只见黑衣剑客手中剑出如龙,一股寒流顺着剑芒奔向陶鹤鑫的印堂,带起层层惊浪顺势拍出。
陶鹤鑫亦是不甘示弱,长刀走拔势抬起湖水,缕缕青气随着手掌注入刀刃,刀锋霎时变得如青玉般剔透,散出温润的青芒,猛然提刀挡向穿空而来的剑锋,湖水相撞霎时炸成细似鹅毛的水滴坠入湖中,陶鹤鑫闷哼一声倒飞而出。
“好刀。”梁秀见此局势,虽承受着不小压力,但还是经不住心中那股兴奋,不由为难地笑了笑。
正如梁秀猜想那般,陶鹤鑫的游戈咏来了。
陶鹤鑫手中刀一摆,向后打出好大一朵浪花,借力使得倒飞的身体立在湖上半空,刚刚那下刀剑相碰旁人也能看出是陶鹤鑫落了下风,当中差距有多大恐怕也就陶鹤鑫本人才知晓。
此时陶鹤鑫腹中打滚,强行压下翻腾而上的鲜血,却还是有血从嘴角滑出,几个深吸缓缓将气息平稳,随之两手倒握刀柄,两眼微闭笑了笑:“六年了,陶某的拙技还是得再使上那么一使。”
那边的黑衣剑客将剑缓缓提起,微微颔首以示请指教。
陶鹤鑫全身透发灼灼青焰,两眼猛然一睁,手中长刀此刻犹如通体青玉打造的瑰宝,紧握的双手缓缓将刀抬起,嘴中一字一顿轻念:“游-戈-咏。

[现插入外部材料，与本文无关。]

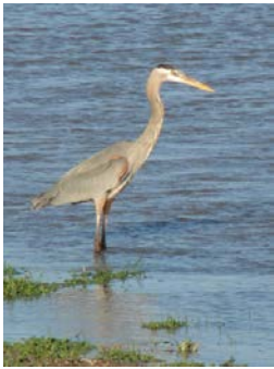
Great blue heron, 2012, Wetland Cell F

Public Access Parking Lot Entrance off Great Trinity Forest Way (Loop 12)
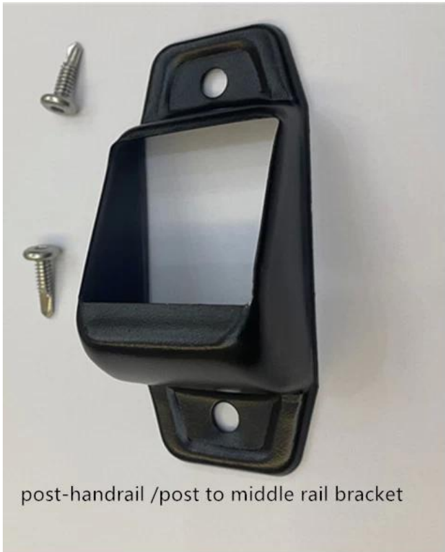
post-handrail /post to middle rail bracket
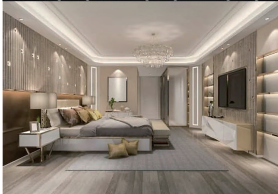
Candle lighting, Indoor lighting, Hotel lighting
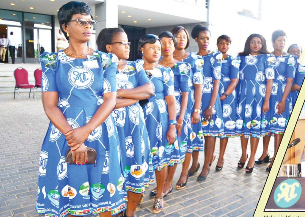
SADC branded attire at display during the SADC meeting at BICC
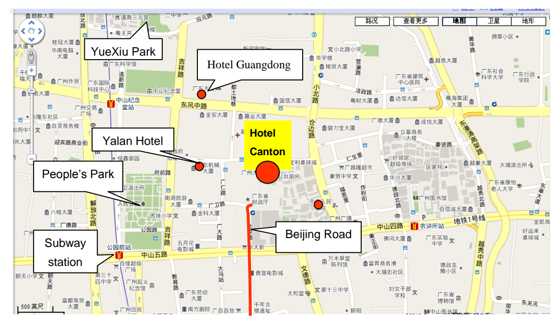
Location of Hotel Canton and its vicinity
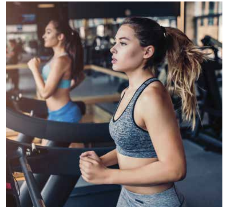
Fitness Club - Cardio
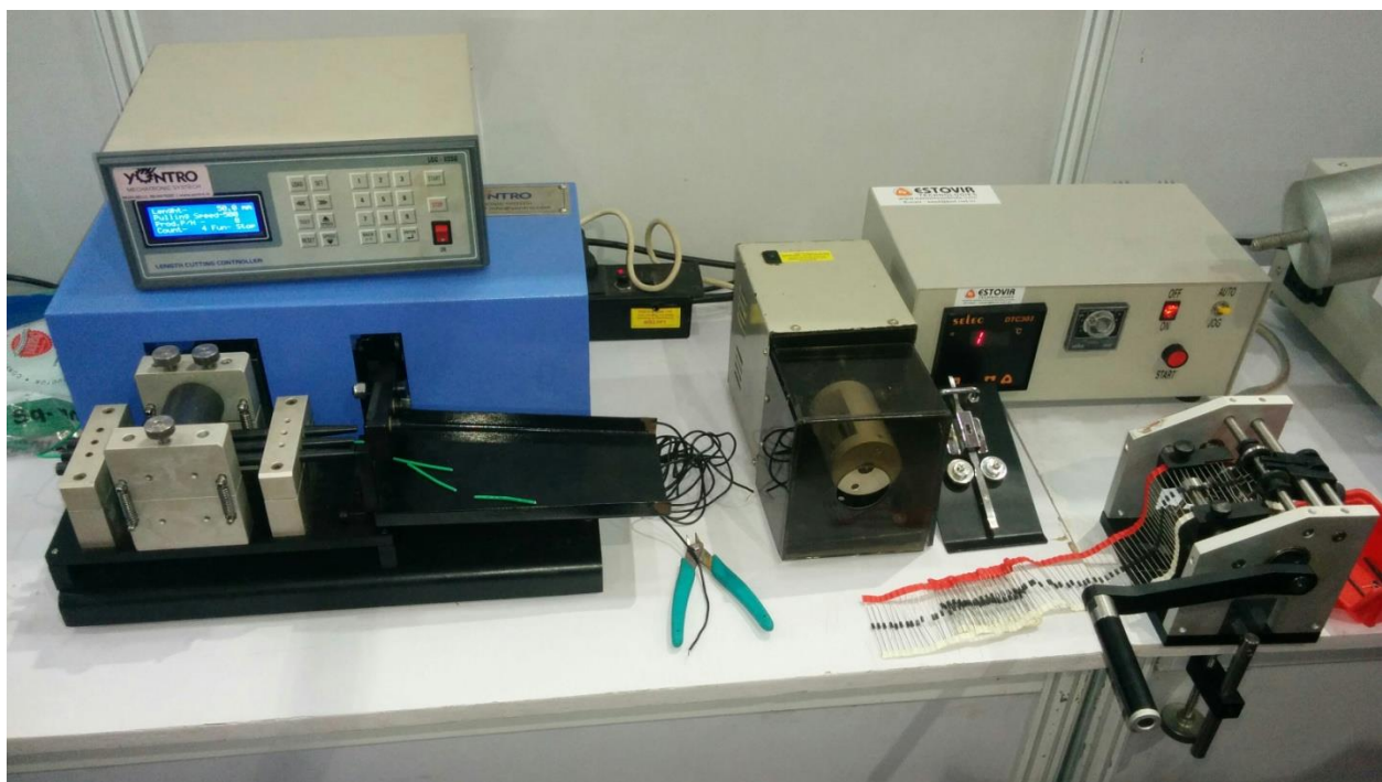
Engineering Product Stalls at MAMATECH-2017
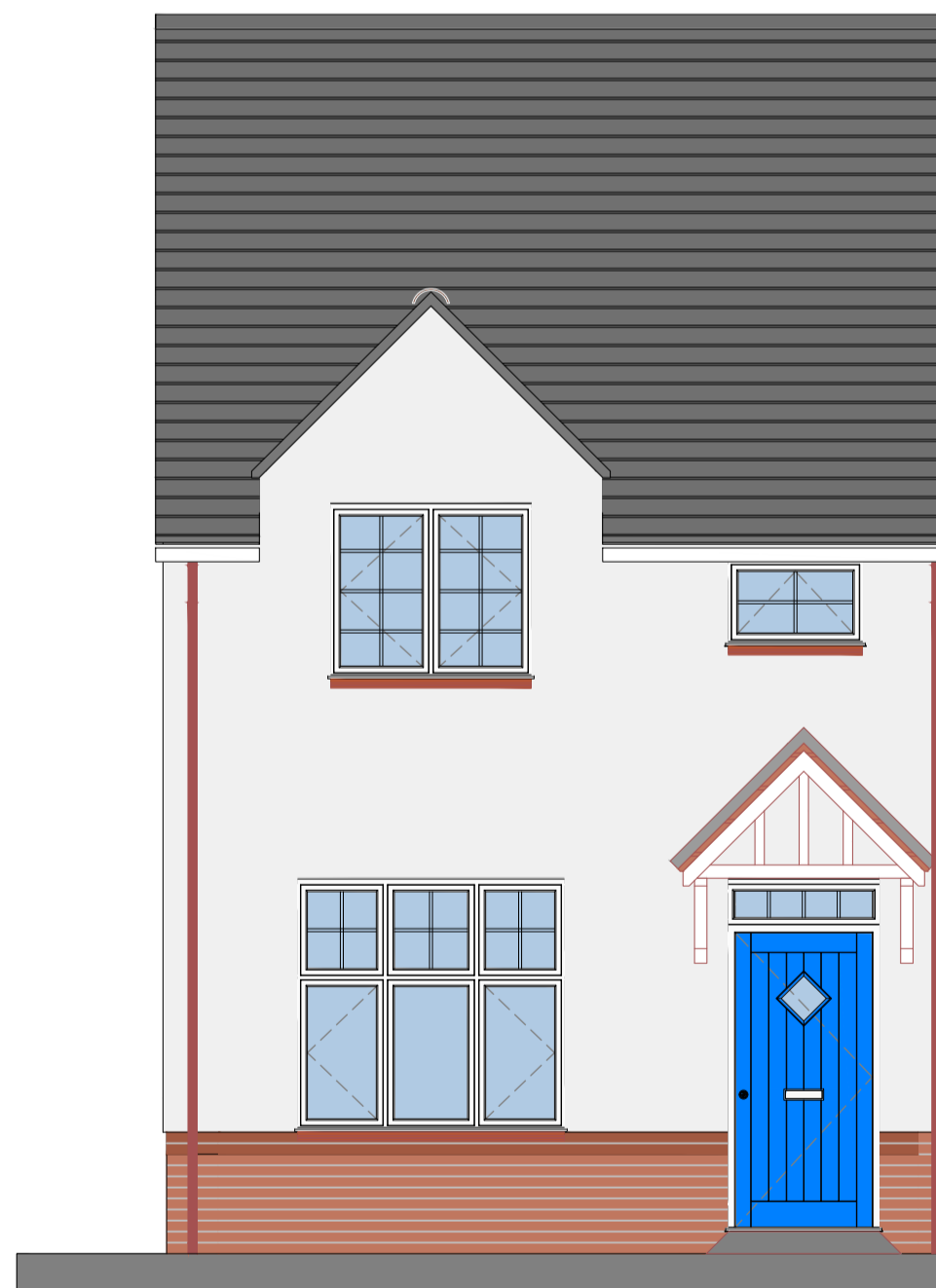
Front Elevation Render
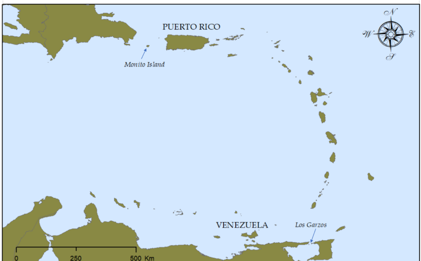
Figure 1. Geographic locations of Monito Island (Puerto Rico) and Los Garzos (Venezuela).
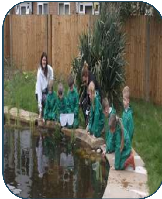
Clearing and landscaping the pond as an outdoor learning area
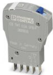
Thermomagnetic device circuit breaker, 1-pos., tripping characteristic SFB, 1 PDT contact, plug for base element.

Please be informed that the data shown in this PDF Document is generated from our Online Catalog. Please find the complete data in the user's documentation. Our General Terms of Use for Downloads are valid ( http://download.phoenixcontact.com )
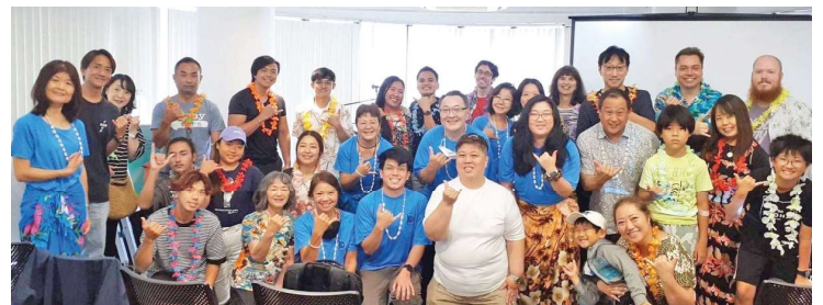
After worship service at the Osaka International Baptist Church
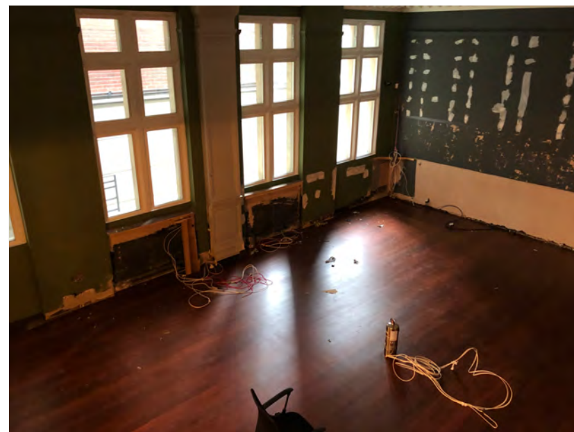
Main restaurant area as existing
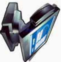
15" Touch Screen Terminal 15寸触屏显示器
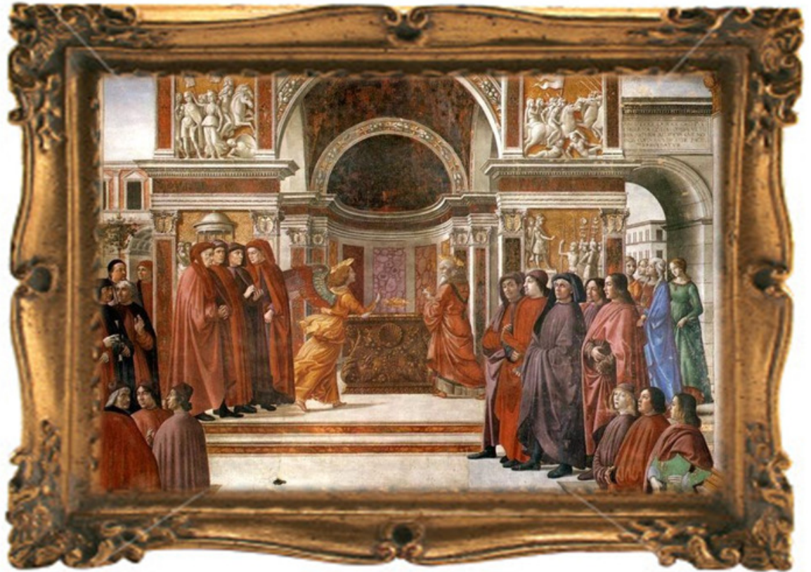
"Angel Appearing to Zacharias," by Italian Renaissance painter Domenico Ghirlandaio (One of his apprentices was Michelangelo) Fresco Cappella Tornabuoni, Santa Maria Novella, Florence

The angel had a special message to the parents of John the Baptist - this would be a special child to be raised carefully.
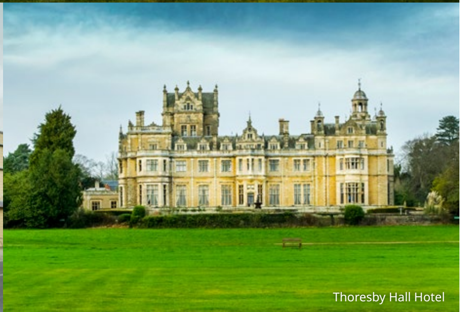
Thoresby Hall Hotel
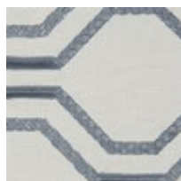
2-24''' x 16''' Pillows 8334-09CC
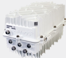
Ripple R-PHY Node
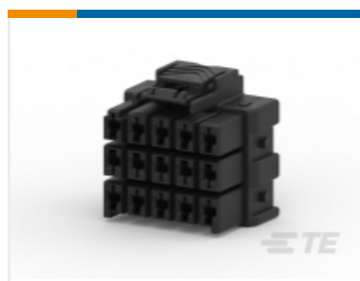
TE Part # 1-2232357-5 PTL 3X5 PLUG HSG HOT WIRE KEY A BLK
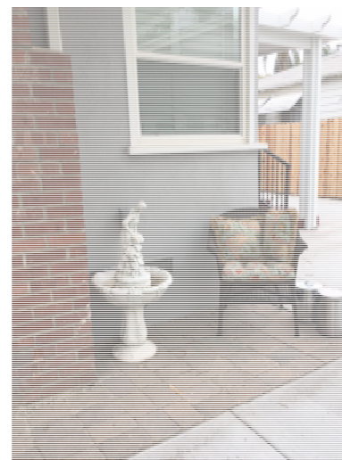
West Elevation Windows
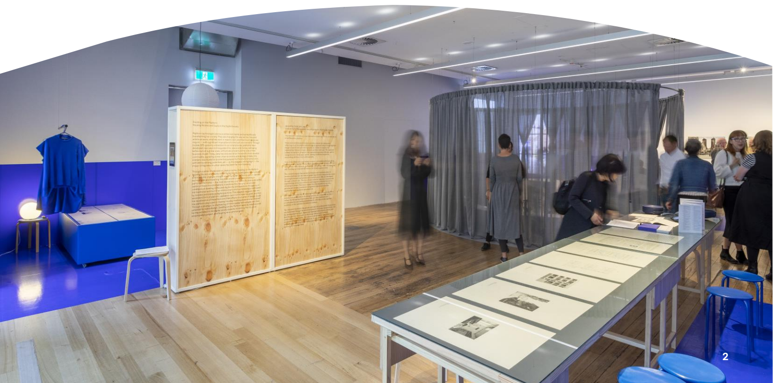
Exhibition by Jacqui Alexander: 'Dwelling on the Platform: Housing Access and Equity in the Digital Society' 2023

The deadline for receipt of applications is midday 1 November 2024 AEST
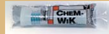
PermaPak™ Barrier Packaging contains 25 bobbins per package
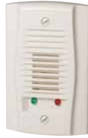
APA151 UL S4011
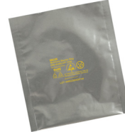
Dri-Shield® 3700 Series High Puncture, High Barrier Foil Moisture Barrier
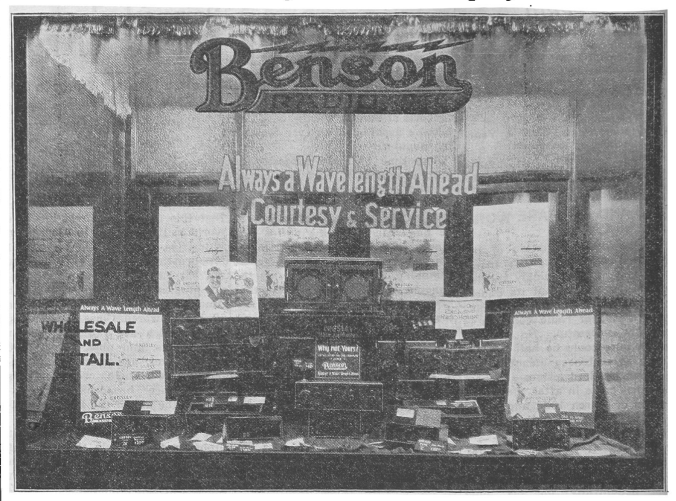
Above is a picture of the window display that won the contest recently conducted by the Crosley Radio Weekly. The display is that of the Benson Radio Company, 926 Pine Street, St. Louis, Mo.

in radio was never better accord- not reasonable to think that this ing to many dealers. Inquiries which have been made by fans take them into the country during programs on an outing.
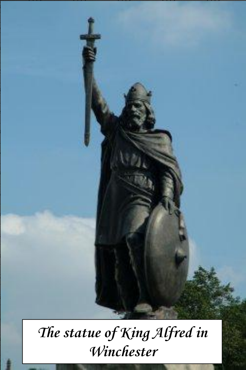
The statue of King Alfred in Winchester

Alfred The Great died in October 899 AD and was buried in Winchester
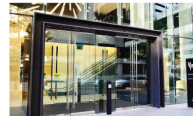
- UPTOWN -
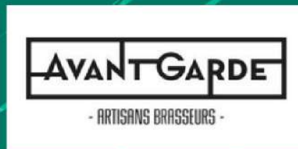
AVANT GARDE Beers for the Bar
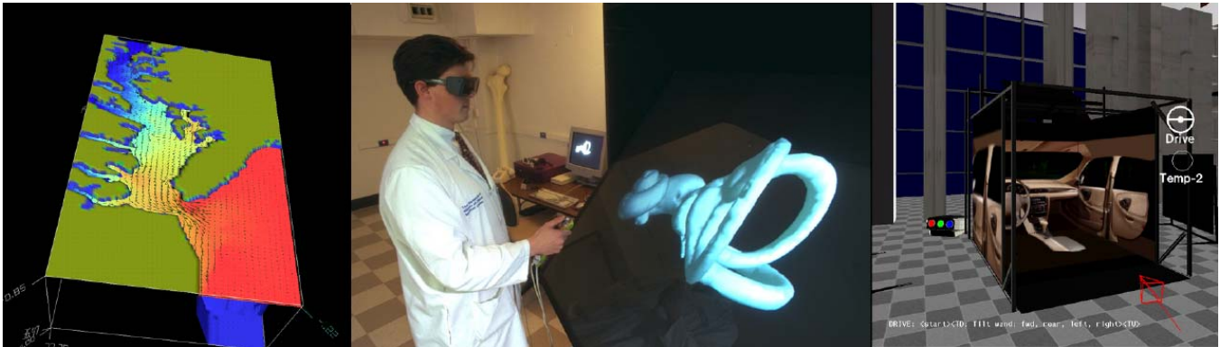
Figure 4: Three current tele-immersive projects: scientific visualization with CAVE-5D, medical education with the virtual temporal bone, and design review with GM's visualey

gies were identified as common to the future use of the NGI [14]: Database Access, Audio and Video, Real-Time and Delayed Collaboration, Distributed Computing, and Tele-Immersion.
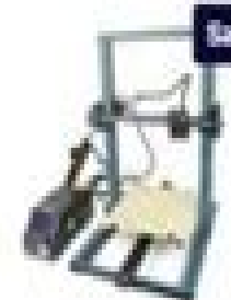
Creality3D CR - 10 $369.99 3D Printer
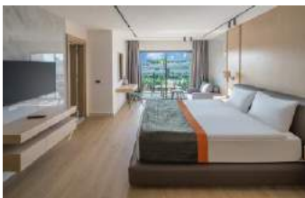
Executive Private Pool Suite 2 Bedrooms 175 m 2

In the area where the Deluxe Swim Up rooms are located, there is a separate 160 m 2 shared pool in addition to the main pool. On the shared pool terrace, each room has two sun loungers, one umbrella, two chairs, and one table.

”
咏字似附了魔力,本就那么轻轻一念,音韵缓缓滴落打在湖面之上,却犹如乌天响雷轰然炸开,刹那间惊出环环水波以陶鹤鑫脚心为点向四面奔散而出,湖中鲤鱼被震得在湖面好一顿打挺。
话落刀出,瞬息即达黑衣剑客身前,刀动带着层层浪惊,劈头斩去。
“叮——”
那黑衣剑客的剑不知何时已提起,剑锋点向迎面斩来的玉刀,就这么轻轻一点,那势如猛虎的玉刀就这么停在半空中,两旁气势依旧奔出,将湖水惊起数丈散花,可斩下的刀却不再生出丝毫魄力,奈何陶鹤鑫再如何拼力都无法压下半分半毫,二人就这般较着。
“榜上人?”陶鹤鑫凄惨地笑笑,心中已再无半分侥幸,彻彻底底认输,握着长刀的手微微颤抖,青焰缓缓褪去。
“无心上榜。”黑衣剑客淡淡说罢,手腕轻轻一晃将陶鹤鑫的刀挑飞,随之右肩顺势撞向陶鹤鑫的胸口将其震飞,手中剑又是一摆,一股杀意迸发而出,使所观之人心中皆是凛凛一寒。
还未等众人反应,黑衣剑客已是踏湖朝徐世掠去,气势与此前完全不同,此前所散发的气势并未带有些许杀气,但此时,杀意奔腾,直向同中书门下平章事徐世。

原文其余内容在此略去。